Collected data>
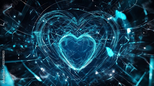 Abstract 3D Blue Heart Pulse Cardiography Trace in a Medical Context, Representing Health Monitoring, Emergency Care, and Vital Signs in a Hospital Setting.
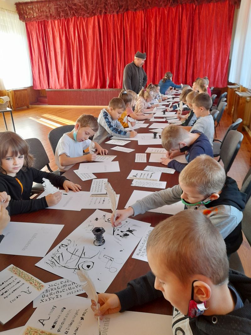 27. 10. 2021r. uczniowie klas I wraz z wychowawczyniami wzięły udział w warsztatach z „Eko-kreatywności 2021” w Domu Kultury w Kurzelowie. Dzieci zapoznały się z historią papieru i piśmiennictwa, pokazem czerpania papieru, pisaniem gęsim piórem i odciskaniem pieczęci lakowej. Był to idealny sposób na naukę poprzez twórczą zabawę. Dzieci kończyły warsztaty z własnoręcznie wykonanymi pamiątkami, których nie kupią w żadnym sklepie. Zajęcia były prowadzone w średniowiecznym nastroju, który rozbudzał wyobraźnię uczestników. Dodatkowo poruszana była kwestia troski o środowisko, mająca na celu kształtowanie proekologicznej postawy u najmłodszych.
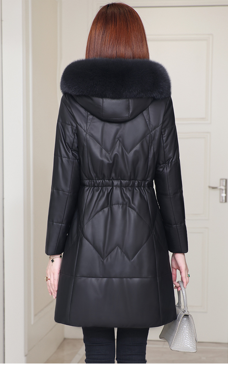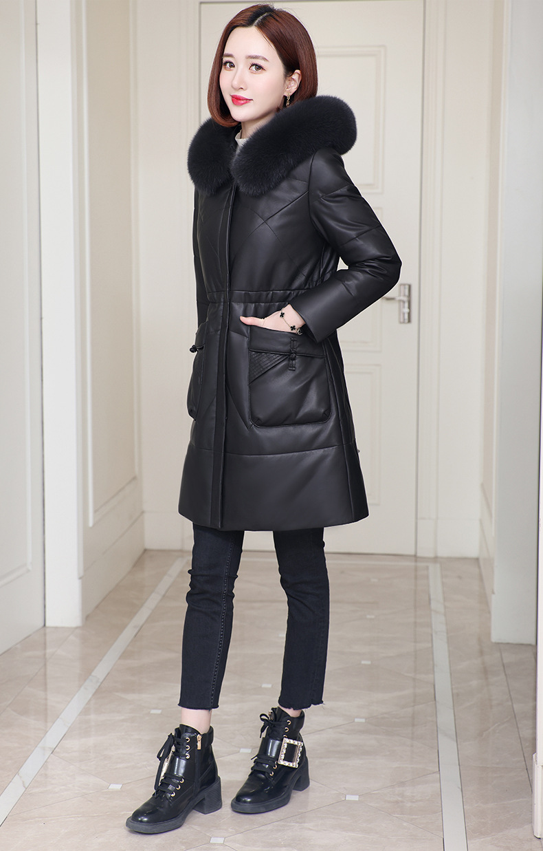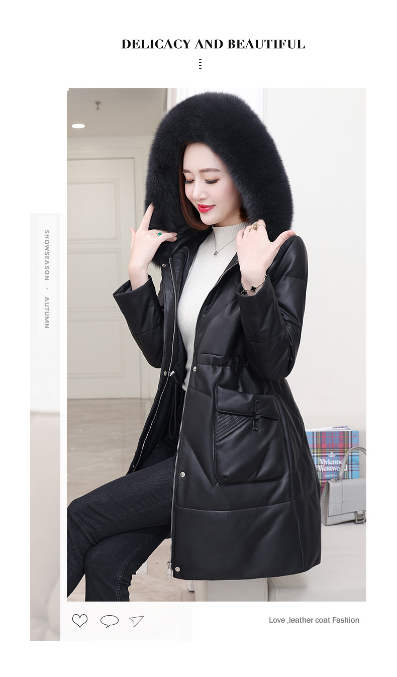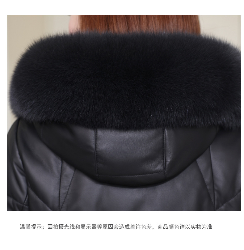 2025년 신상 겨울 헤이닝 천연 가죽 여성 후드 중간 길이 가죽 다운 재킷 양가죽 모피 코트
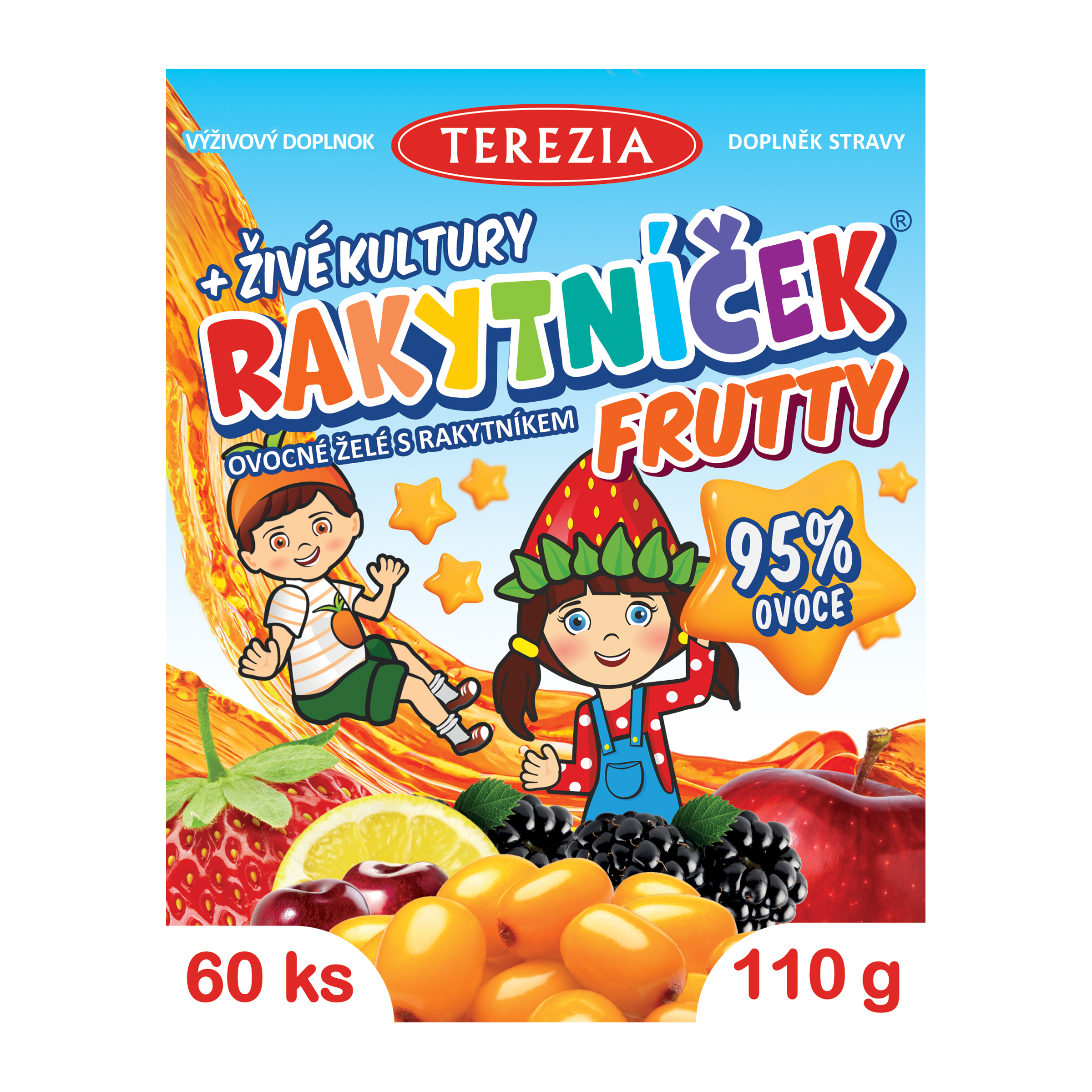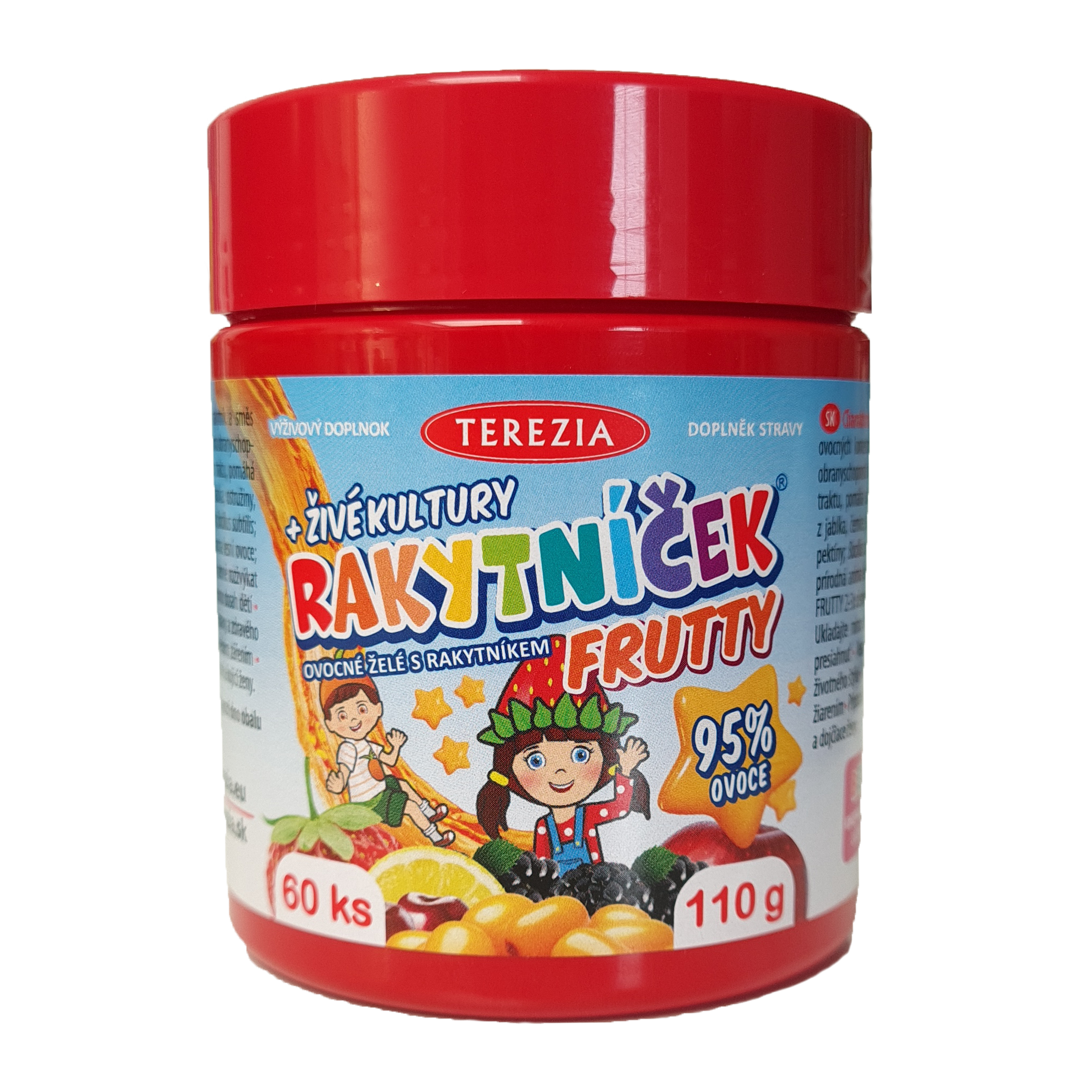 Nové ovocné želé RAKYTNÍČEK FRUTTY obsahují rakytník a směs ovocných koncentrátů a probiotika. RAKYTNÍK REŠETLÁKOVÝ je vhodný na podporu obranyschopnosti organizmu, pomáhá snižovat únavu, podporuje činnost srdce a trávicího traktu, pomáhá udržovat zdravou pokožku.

Exercise aim> The listing should be transcribed exactly. No picture is to appear in the transcription.

Answer to the exercise>
 Abstract 3D Blue Heart Pulse Cardiography Trace in a Medical Context, Representing Health Monitoring, Emergency Care, and Vital Signs in a Hospital Setting.
 27. 10. 2021r. uczniowie klas I wraz z wychowawczyniami wzięły udział w warsztatach z „Eko-kreatywności 2021” w Domu Kultury w Kurzelowie. Dzieci zapoznały się z historią papieru i piśmiennictwa, pokazem czerpania papieru, pisaniem gęsim piórem i odciskaniem pieczęci lakowej. Był to idealny sposób na naukę poprzez twórczą zabawę. Dzieci kończyły warsztaty z własnoręcznie wykonanymi pamiątkami, których nie kupią w żadnym sklepie. Zajęcia były prowadzone w średniowiecznym nastroju, który rozbudzał wyobraźnię uczestników. Dodatkowo poruszana była kwestia troski o środowisko, mająca na celu kształtowanie proekologicznej postawy u najmłodszych.
 2025년 신상 겨울 헤이닝 천연 가죽 여성 후드 중간 길이 가죽 다운 재킷 양가죽 모피 코트
 Nové ovocné želé RAKYTNÍČEK FRUTTY obsahují rakytník a směs ovocných koncentrátů a probiotika. RAKYTNÍK REŠETLÁKOVÝ je vhodný na podporu obranyschopnosti organizmu, pomáhá snižovat únavu, podporuje činnost srdce a trávicího traktu, pomáhá udržovat zdravou pokožku.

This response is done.